Peach and Honey
Brandy made from fruit cues some strong expectations—that the natural fructose in a cherry, apple, plum or peach will impart a sweetness and fragrance to the sip. But spirits made from fruit—what the French called eau de vie—in actuality convey only a ghost of the fruit from which it was made. The process of distillation is a purifying process and the volatile chemistry that makes a peach perfumed or a plum tart is in great measure taken out of the clear liquid that drips from the coil. Some distillers tweak the process to preserve more the fruitiness, but there is only so much one can do in the distilling process. Early American distillers who didn’t want imbibers asking ‘where’s the fruit’ resorted to tricks to fulfill customers’ expectations. One antebellum distilling manual recommended added a jar of peach jelly to the cask.
In Europe the desire to give back fruit flavor to spirits resulted in what was referred to as Ratafia. This is a spirit in which sugar and some essence of fruit is added to a eau de vie, and was regarded as a special drink to mark special occasions such as the ratification of treaties (hence the name). What has often been sold as peach or apple brandy in the United States historically has been a ratafia, a supplementation of a distilled fruit spirit to give it more flavor and sweetness.
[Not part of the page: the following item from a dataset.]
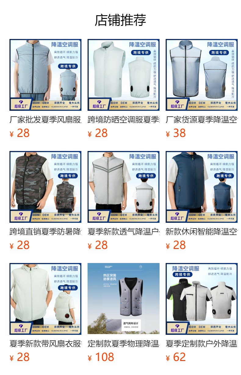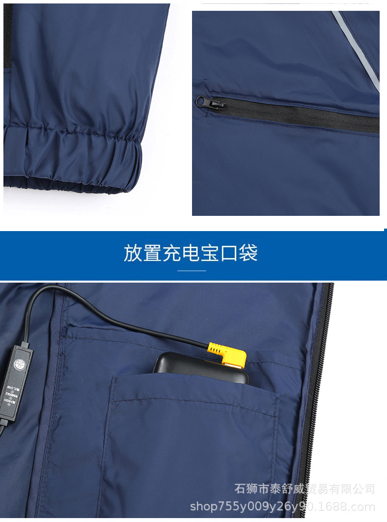 | Color | Una sola ropa azul oscuro, una sola ropa gris claro, un conjunto de ventilador, diez mil miliamperios de carga, ropa azul oscuro + ventilador, ropa gris claro + ventilador |

If I were to nominate the most loved and splendid fruit brandy/ratafia produced in the United States it would be what was called as peach and honey. As the name suggests, it is peach spirits with honey admixed after the distillation This was the favorite home concoction of peach growers, who in many southern states aggreagated their harvests at the local distillers on a share system, taking the finished spirits and adding the honey for home consumption or local distribution. When Ben Tillman shut down South Carolina’s distilleries in 1893 the states many orchardists bewailed the loss of their favorite “peach and honey”—see article below.
My thoughts have turned to peach and honey because Cincinnati’s excellent mixologist and beverage historian Molly Wellman sent an inquiry about an old bottle she encountered. She is in the midst of a crusade to revive the full panoply of Cincinnati’s tavern heritage. She found a bottle produced by an early liquor company of the region. Yes—it was part of the product line of numbers of spirits companies.
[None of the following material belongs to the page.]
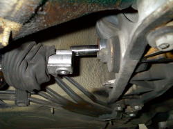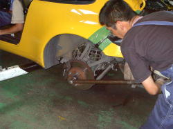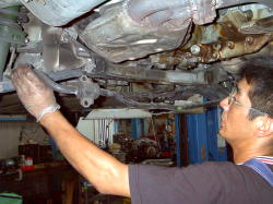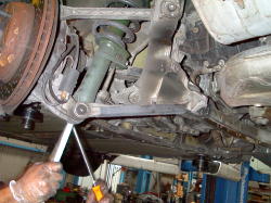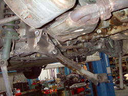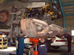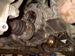 | ドライブシャフトのナットを緩めておく。運転席でブレーキを踏んでおかないといけません。 | マルチリンクのアーム類やアース類も外されていきます。 | ミッションのリンケージ部分も外します。 | 左右ドライブシャフトの付け根を外す。 |

The beverage had a genteel reputation. Edgar Allan Poet famously gave a peach and honey party for his friends during his freshman year at the University of Virginia. Judge Cole of Austin Texas in the 1860s famously let off one of two drunks involved in a street brawl; the first had been fined because he was drunk on rye whiskey, the second denied drinking rye, rather peach and honey. “Peach and honey, eh? That’s a gentleman’s drink, sir! The court sympathizes with you and doesn’t regard you offense as very serious.”
There was two ways to encounter peach and honey—one was to mix it yourself at the time of consumption. I attach an 1888 account of how this was done. The other was to mix the ingredients shortly after distillation and age it in a barrel made of fruit wood to impart more perfume to the mix. This path produced the bottle that Molly Wellman found.
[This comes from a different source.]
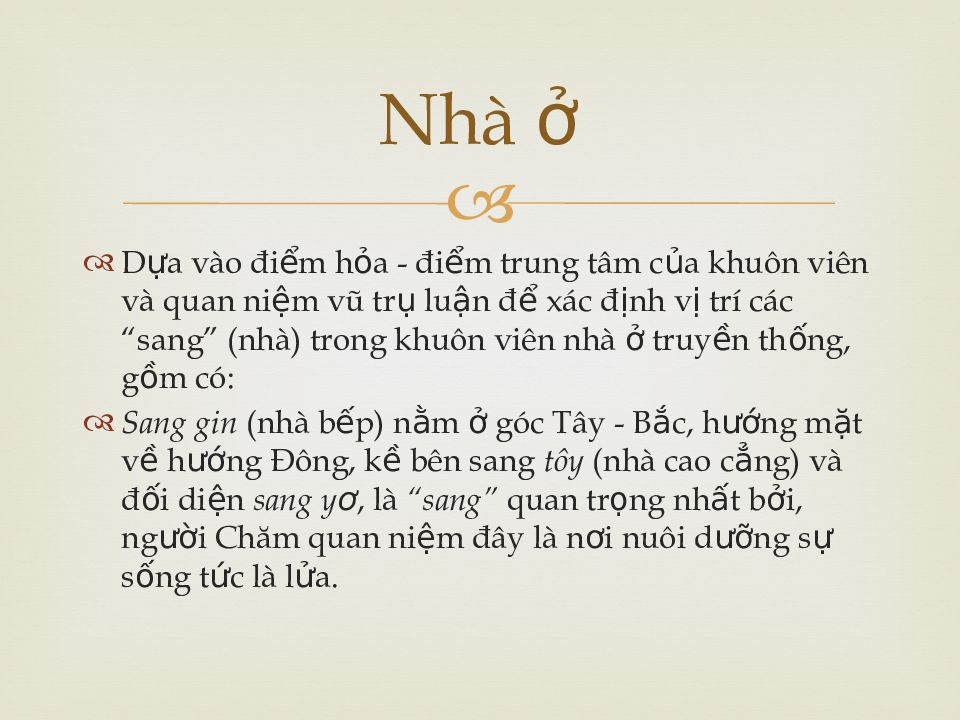 Dựa vào điểm hỏa - điểm trung tâm của khuôn viên và quan niệm vũ trụ luận để xác định vị trí các “sang” ( nhà ) trong khuôn viên nhà ở truyền thống, gồm có : Sang gin ( nhà bếp ) nằm ở góc Tây - Bắc, hướng mặt về hướng Đông, kề bên sang tôy ( nhà cao cẳng ) và đối diện sang yơ, là “sang” quan trọng nhất bởi, người Chăm quan niệm đây là nơi nuôi dưỡng sự sống tức là lửa. Nhà ở

We should note here that Peach and Honey differs from what is sold as Peach Ratafia in 2021. That product derives its flavor intensification from the extract of peach kernels—the seeds contained within pits. It has an almond, not peach, flavor.
I finally must observe that the extraordinary range of flavors found in honeys—from eucalyptus to sourwood—suggests that peach and honey could generate a similar range of sensation. But let me suggest that you try Schnepf Farms Peach Blossom Honey first.